Credit: National AIDS Memorial
Credit: National AIDS Memorial
Themes of faith and shame are strong threads in the play, particularly between the characters Timothy and his mother Myrtle. They are Black and from rural North Carolina, though the Timothy character has moved to Atlanta is working for the Carter Center. He is out. Myrtle is a deeply religious woman who constantly quotes Bible verses to her son and wants him to repent what she views as the “sin” of being gay.
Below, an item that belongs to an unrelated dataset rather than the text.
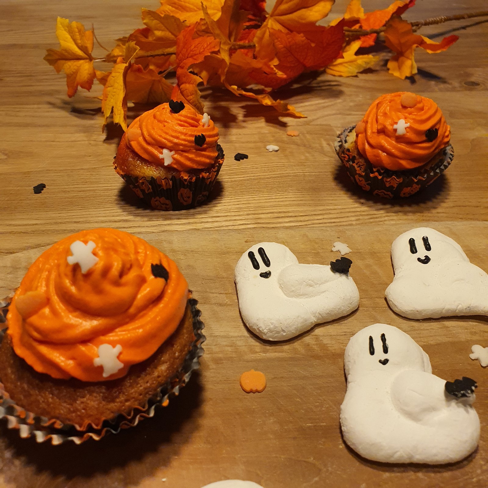 Ok, op de foto zie je een cupcake-versie van deze herfstcake met walnotenolie en sinaasappel, maar je kunt hem natuurlijk ook in een gewone cake-vorm bakken. Dit jaar heb ik deze cake-jes gemaakt voor Halloween. Niet zo moeilijk met wat kleurstof door de slagroom en speciale Halloween versiersels. Je kunt deze cake echter het hele jaar door maken en mijn kinderen zijn er dol op.

Burrell, who portrays, Myrtle, remembers the first friend of hers who developed AIDS. He was a makeup artist and hairstylist for a cabaret show, and Burrell performed with her sister, Debye, in New York City in the early 1980s.
“He had this unexplainable fever, and he’d go to the hospital, but they couldn’t figure out what was wrong,” Burrell said. “He would sign himself out of the hospital and come do our hair and makeup then sign himself back in after he did our shows.”
Burrell said he battled for about five years before he passed away. The memory still feels fresh.
“The play feels so present with me because he was the person I had the most contact with,” Burrell said. “I was there in his hospital room. I would crawl into his bed, and we’d hug and talk nonsense and tell stories.”
After his death, Burrell found herself attending many memorial services.
“I went to memorial services, and I realized I kind of knew about their lives but not all the details,” Burrell said. “Through brothers and sisters, cousins, classmates telling these stories, they became three-dimensional. You came to know who they fully were.”
“Love, M.” makes the plea not to wait until it’s too late to get to know the truth of a person’s life and to show them acceptance.
“If you are a conscious human being, these things challenge you to be kind,” Burrell said.
VIRTUAL THEATER EVENT
“Love, M.”
7 p.m., Dec. 1, horizontheatre.com/love-m
Viewers can attend a post-show community conversation following the premiere. The event is in partnership with rolling out Health IQfeaturing actor Lamman Rucker; Daniel Black, professor of African American Studies at Clark Atlanta University; psychologist Shalonda Crawford; and Daniel Driffin, HIV/AIDS activist and co-founder of THRIVE SS and chair emeritus of The Young Black Gay Men’s Leadership Initiative (YBGLI).